Advertisement

3D Tilebased engine question (STL collection problem?)

Started by April 09, 2001 04:33 AM
5 comments, last by onnel 23 years, 10 months ago
I''ve been working on a 3d tiloe based engine (looking for sort of a 3D X-com look and feel). I have the basic tile rendering all up and running and that''s fine. I''m running into some speed issues, though. I''ve crossposted this also to the 3d graphics group, as the problem may be there. Basically, every tile is made up of 4 wall objects, a floor and a ceiling object. Any of these can, of course be NULL (meaning they don''t exist for the given tile). Previously, I simply looped through all my tiles and rendered whatever elements were present in a given tile (if there was a floor, I rendered it). Obviously, this begs for optimization, but it was a good starting point and worked fine when my wirld was 10x10x10 tiles (1000 tiles). The problem was, expanding to 100x100x10 slowed the engine down to about 3 FPS...for obvious reasons! For my test, the actual number of squares with elements was roughly 20,000 (so the other 80,000 squares were being checked for no reason). So I though I would optimize by creating a STL vector of only those elements that needed to be drawn. For example, the vector would contain not the squares, but pointers to the floor, the wall, etc. This means that instead of looping through 80,000 squares needlessly, I loop only through the 20,000 elements I know I want to draw. The problem is that, using this STL vector of pointers to my elements, performance is completely dead. The machine just seems to hang. Is 20000 elements too many for a STL vector? I''m on VC++ 5.0 and know that STL compile times aren''t supposed to be great, but is there an actual speed issue? I cannot imagine how looping through 20,000 elements can be slower than looping through 100,000. Would I be better off not using the STL vector and instead implementing the items as a linked list or something similar? I know that the push_back onto the vector will be slow, but this is only done once when loading all the elements. To actually access them, I use a for loop < vector.size and use at(count). Is there a problem with this? What I need is a fast method for mainly looping through them with the ability (not often used) to add or subtract items from the collection. Any ideas? Note: in my final version, maps probably won''t be that big (more like 50x50x5 or so), but I''d like to be able to tackle the bigger maps with the engine. All help appreciated! Best, Onnel
quote:
Original post by onnel
Basically, every tile is made up of 4 wall objects, a floor and a ceiling object. Any of these can, of course be NULL (meaning they don''t exist for the given tile). Previously, I simply looped through all my tiles and rendered whatever elements were present in a given tile (if there was a floor, I rendered it). Obviously, this begs for optimization, but it was a good starting point and worked fine when my wirld was 10x10x10 tiles (1000 tiles). The problem was, expanding to 100x100x10 slowed the engine down to about 3 FPS...for obvious reasons! For my test, the actual number of squares with elements was roughly 20,000 (so the other 80,000 squares were being checked for no reason).

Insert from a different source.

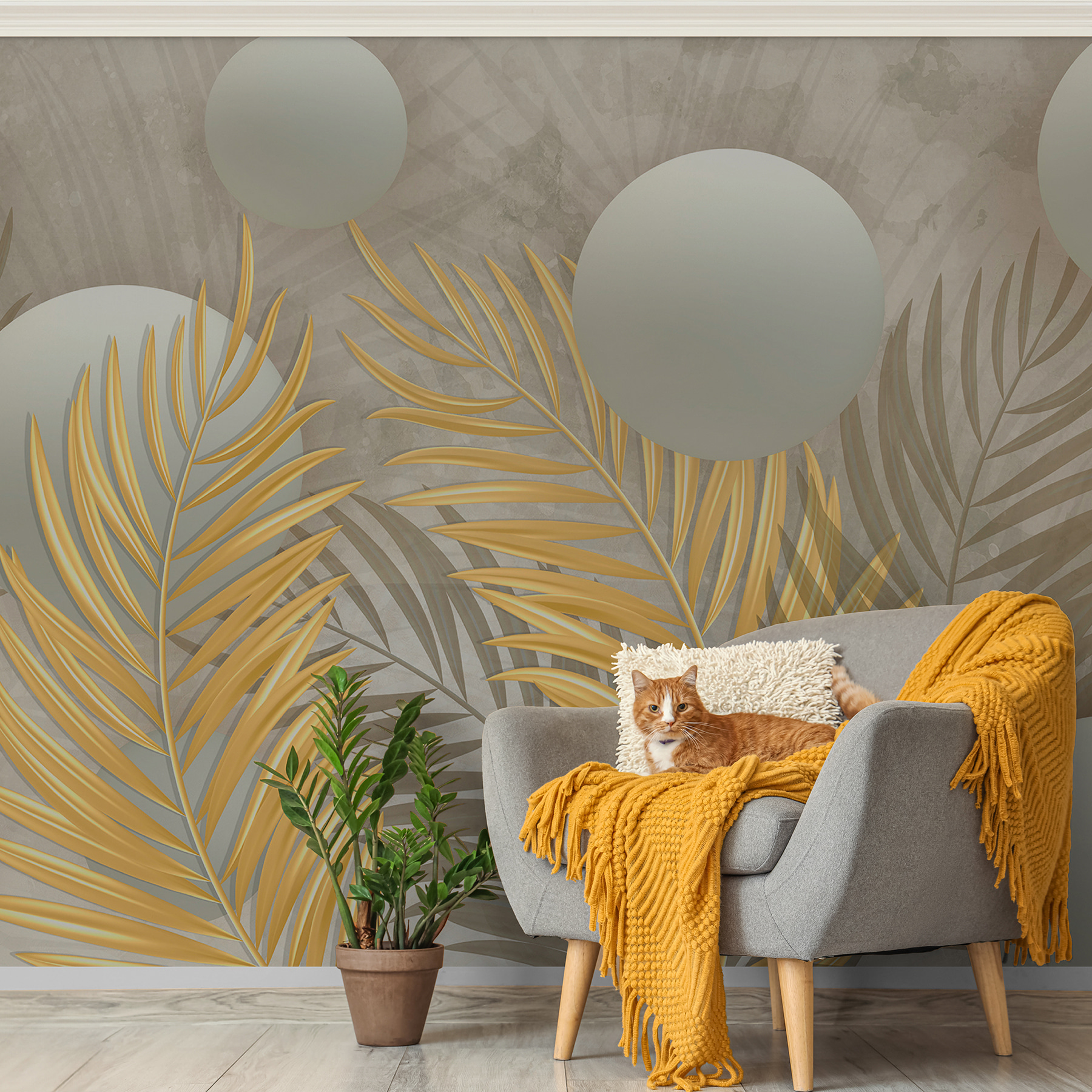 Przekształć dowolną ścianę w miejsce do rozmów dzięki tej oszałamiającej fototapecie. Wyobraź sobie, że wchodzisz do pokoju, w którym gładkie kule wydają się unosić na sennym tle, otoczone delikatnymi liśćmi, które tańczą po powierzchni. Idealny do przytulnego kącika do czytania lub eleganckiego studia, ten projekt łączy w sobie nowoczesny klimat bez utraty kontaktu z naturą. To tak, jakby wnieść odrobinę światła słonecznego do wnętrza, gdzie nawet ponure dni stają się jaśniejsze. Znajomi będą chcieli wiedzieć, skąd pochodzi, a kto nie kocha odrobiny natury? Uśmiechniesz się za każdym razem, gdy przejdziesz obok. To nie tylko dekoracja; to doświadczenie!

I''m not quite sure why there''s the difference here. Is it that most of your tiles only have two or three objects that need to be rendered?
quote:

Is 20000 elements too many for a STL vector?


Not at all. A vector is just a wrapper for a dynamically allocated array in memory. If you can ''new'' 20000 objects, you can use a vector of that size. How large is each object? It sounds like it might be a vector of pointers, in which case each object would be 4 bytes (80k). This should be fine.
quote:

I''m on VC++ 5.0 and know that STL compile times aren''t supposed to be great, but is there an actual speed issue?


You can easily abuse STL. For vectors specifically, you should know that:
- it is massively wasteful to insert or remove anywhere but at the end of the vector
- every time you reach the bounds of the memory allocated to the vector, it needs to reallocate a new block of a larger size, copy all the elements over, and deallocate the old block.

The default behavior of a vector that''s having elements inserted by push_back is to double in size whenever it needs to; each time it doubles, it copies everything over. Therefore, if you have a loop that''s doing push_back, the vector size will be:
0, 1, 2, 4, 8, 16, 32, 64, 128,...
Each time it changes, it must copy all of its elements to the new memory and delete the old memory.

So, the short answer is that a vector CAN be slow, although looping through each element in a vector is exactly the same as looping through an array. In order to avoid excessive reallocations, I would suggest using vector::reserve to pre-allocate a large amount of space; you may still outgrow this space, but it cuts down on the initial reallocations.
quote:

Would I be better off not using the STL vector and instead implementing the items as a linked list or something similar?


Again it depends on what you''re doing. If you''re reading-in the data all at once, and only reading the data after that (i.e. you don''t change the container after you''ve read-in the data), you can''t get faster than a vector. This sounds like what you''re doing.
quote:

I know that the push_back onto the vector will be slow, but this is only done once when loading all the elements.


If you reserve first, push_back is very fast. However, each time you insert any element into any kind of container, STL needs to copy that element--there''s no way around this the way STL was designed. If you''re working on large objects, this could be substantial. My question would be, what''s your vector?:
vector&ltObject*> vec; // vector of pointers, very fast push_back
vector&ltObject> vec; // vector of objects, calls copy constructor of Object, could be very slow
quote:

To actually access them, I use a for loop < vector.size and use at(count). Is there a problem with this?


There are many ways to skin a cat. If I were you, I would do this:
for (vector&ltType>::iterator it = vec.begin (); it != vec.end (); ++it)  do_something_with (*it); // *it == at(count) 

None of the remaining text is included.